Mark Hughes evaluates the Mercedes W09 on its release
Mercedes has stayed resolutely with its pre-existing technical concept with its 2018 W09 model. It features an identical wheelbase and a low rake angle that will be slightly higher than last year but barely noticeable to the naked eye. Mercedes talks of ‘refinements’ to last year’s car rather than conceptual re-evaluation. The team’s low-rake/low-drag approach was unique last year and remains so in 2018.
This brought its difficulties last year, but the team is clearly confident it can retain the upsides of the concept – great aero efficiency – while minimising the awkward downside (mainly a certain inflexibility of set-up).
The letter box-style sidepod openings are quite Ferrari SF70H.
Uniquely, Mercedes has combined such high radiator inlet openings with the high-mounted front suspension it pioneered last year. Every other car so far shown has either coupled high suspension/low rad inlets or lower suspension/high inlets. The advantage of having the radiators high-set in this way is aerodynamic in that the sidepods can have a more sculpted undercut, helping accelerate the upper-surface airflow on its way towards the back of the car.
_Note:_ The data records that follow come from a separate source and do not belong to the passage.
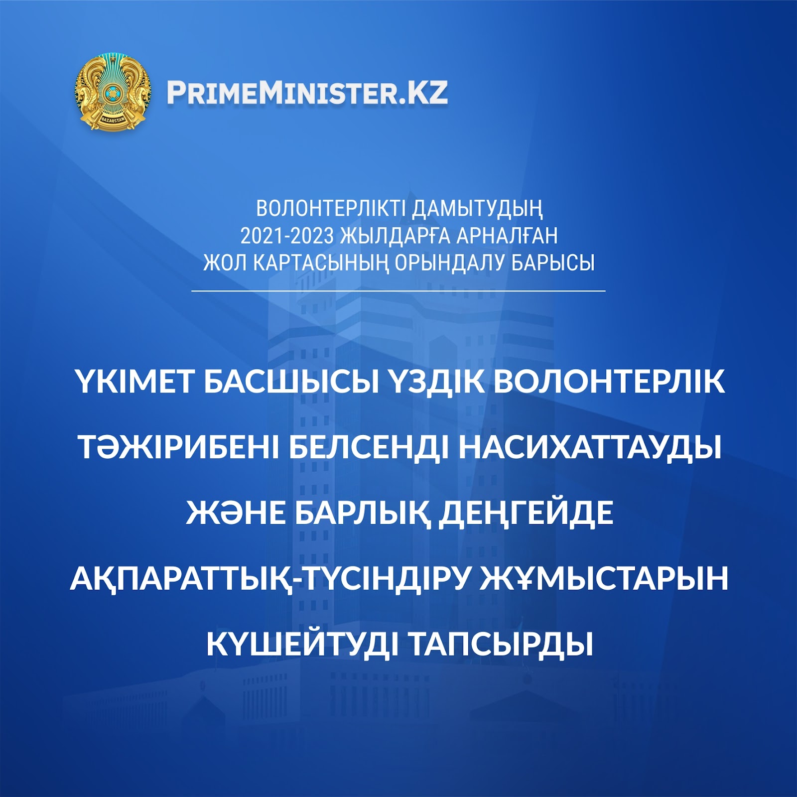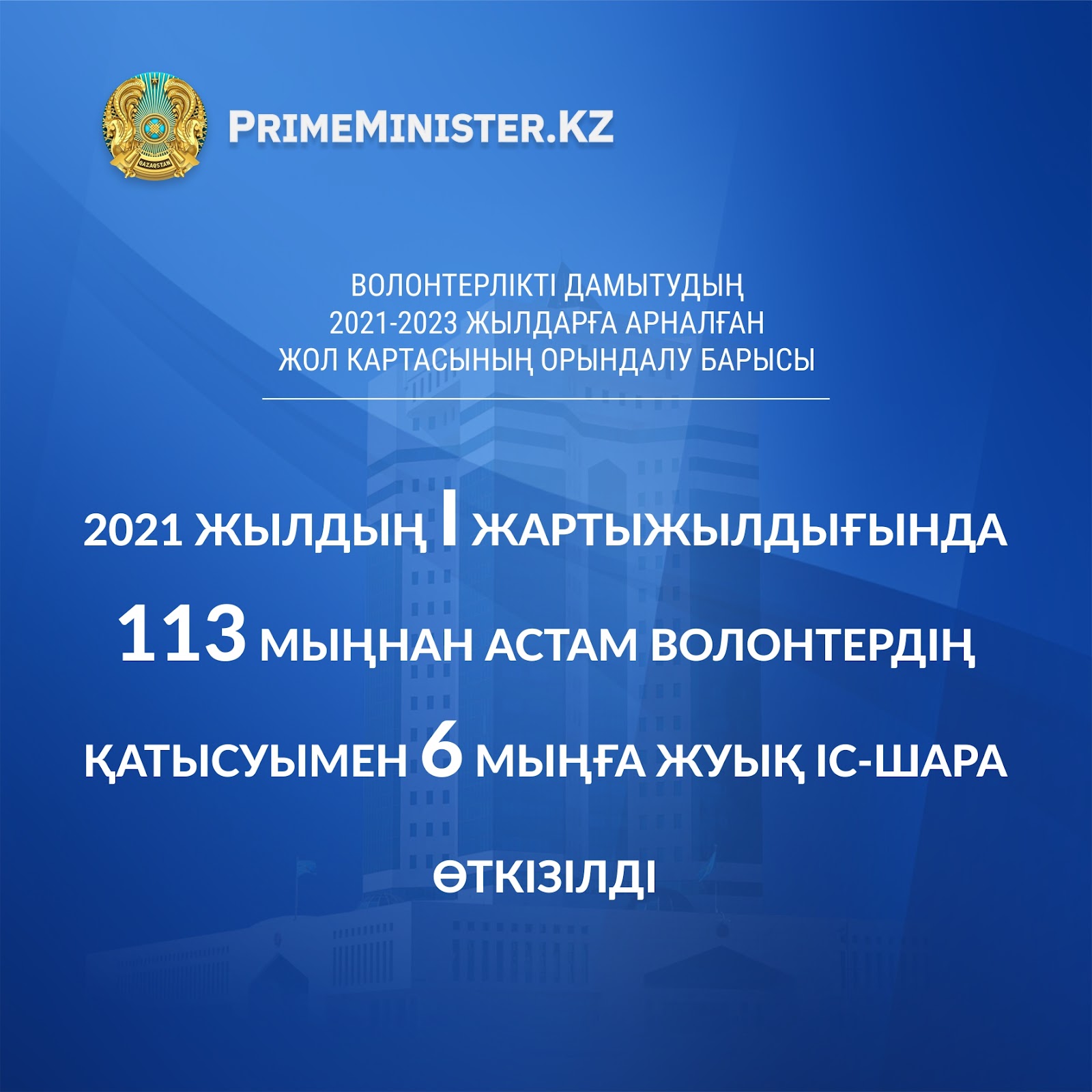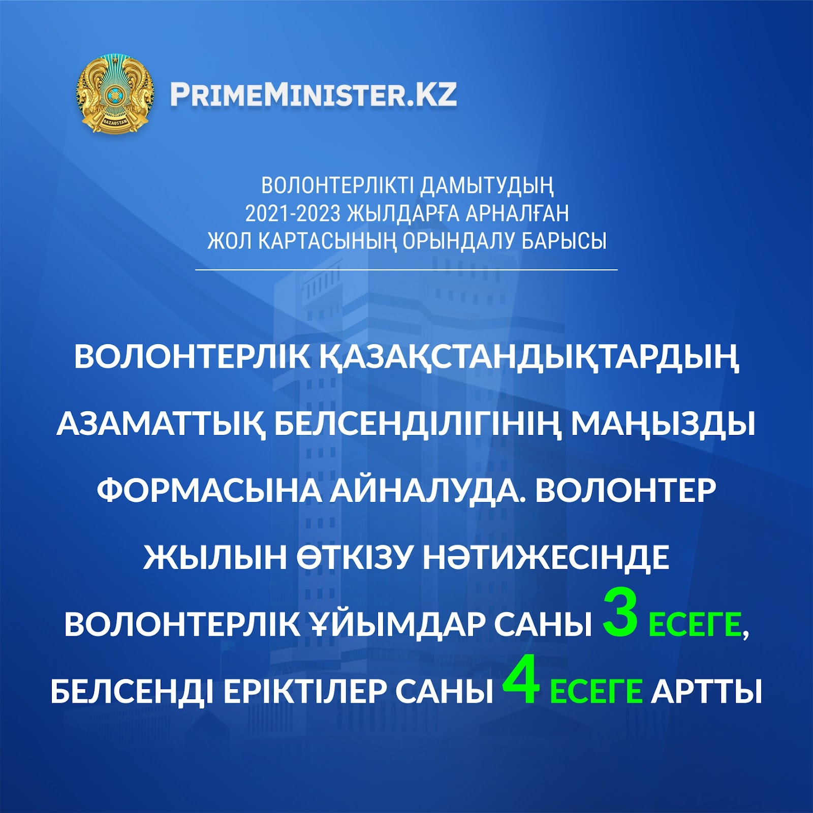 Волонтерлікті дамытудың 2021-2023 жылдарға арналған жол картасының орындалу барысы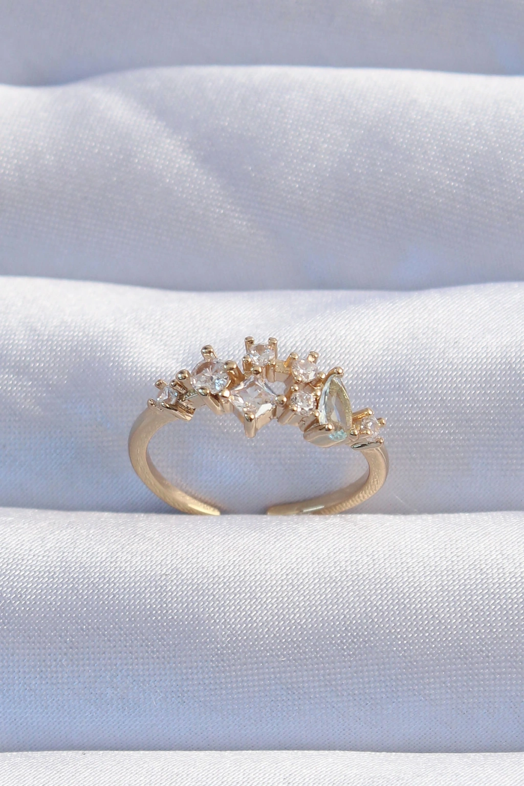 Erb Pirinç Gold Renk Zirkon Taşlı Damla Detay Ayarlanabilir Yüzük
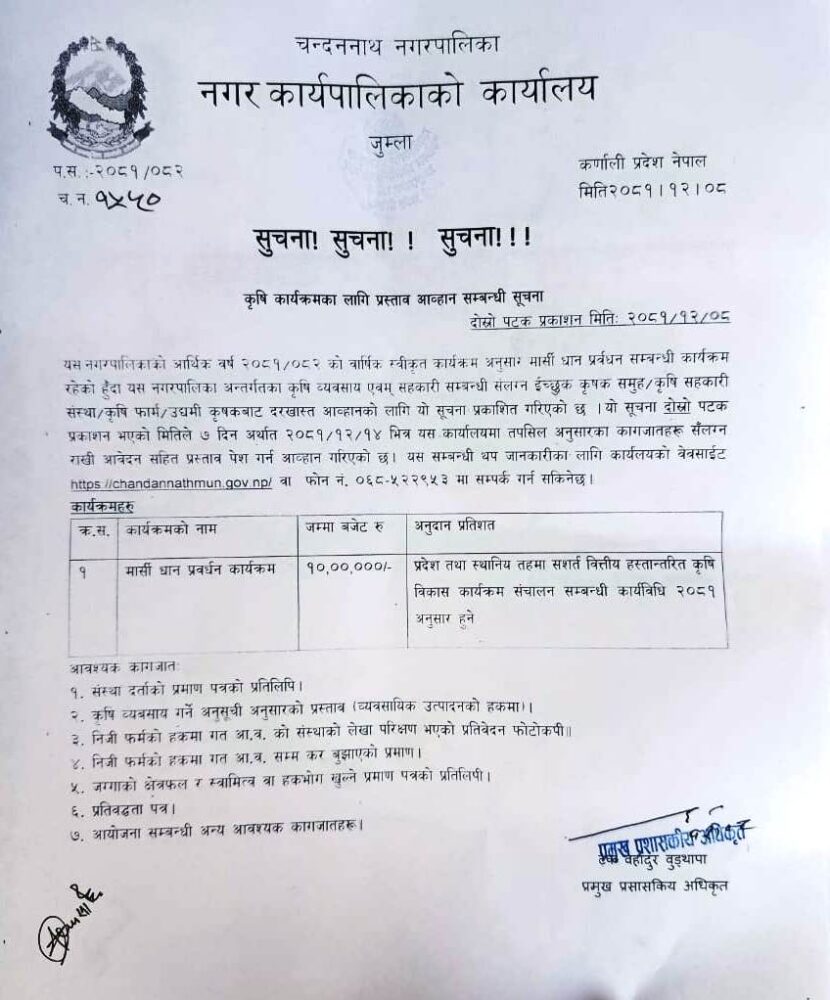 चन्दननाथ नगरपालिकाको सूचना
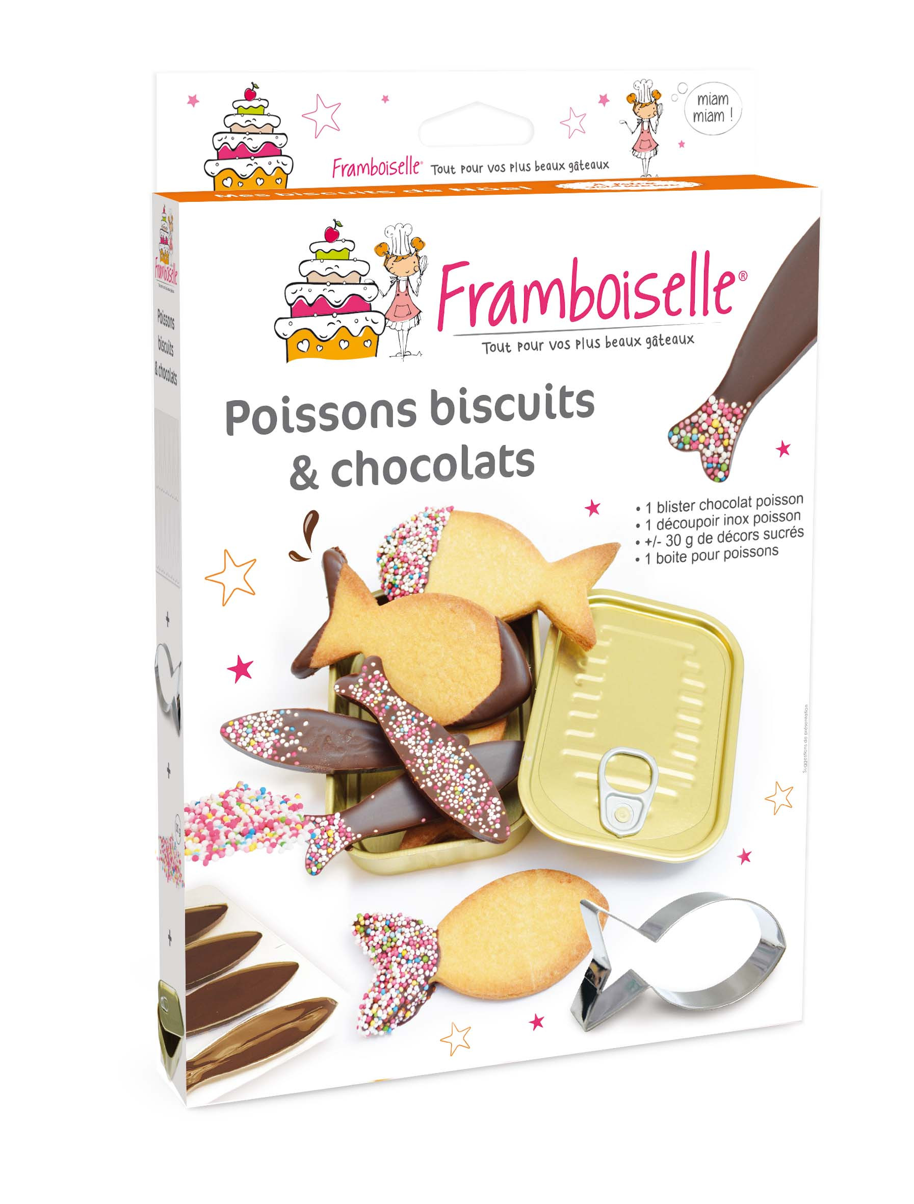 Retrouvez dans ce kit : 1 blister de 10 poissons , 1 découpoir inox poisson, 30 g de décors sucrés et 1 boîte pour poisson en métal.

The faster the flow, the greater the downforce.
Conventionally, a high upper wishbone – with extensions on the wheel upright allowing it to be mounted actually higher than the top of the wheel – has been used to give an uninterrupted flow to low-mounted radiator inlets, with the radiator airflow travelling beneath the wishbones. With a conventional lower wishbone height, the airflow to high-mounted radiator inlets travels above the wishbones. However, the W09, with a combination of high wishbones/high rad inlets uses a dramatic-looking long lateral fin atop the side guide vanes to scoop up the air from beneath the suspension and wash it upwards directly into the inlets. This would seem to allow the possibility of using the space cleared beneath the high suspension to further boost the speed of airflow around the sidepods and back. It could just be that the generous length between front axle and sidepod has created the flow capacity to allow this double benefit, whereas on a shorter wheelbase car you can only have one or the other.
One downside of mounting the radiators (and suspension) higher is that it increases the centre of gravity height – which is already been pulled in an unwelcome upwards direction by the fitment of the halo. The higher the centre of gravity, the more the cornering forces are multiplied upon the tyres. But Mercedes clearly feels that the aero advantages outweigh the mechanical drawbacks.
So is the W09 a stubborn refusal to follow the concept that has proved very fruitful elsewhere? Or a manifestation that there are many ways to skin a cat?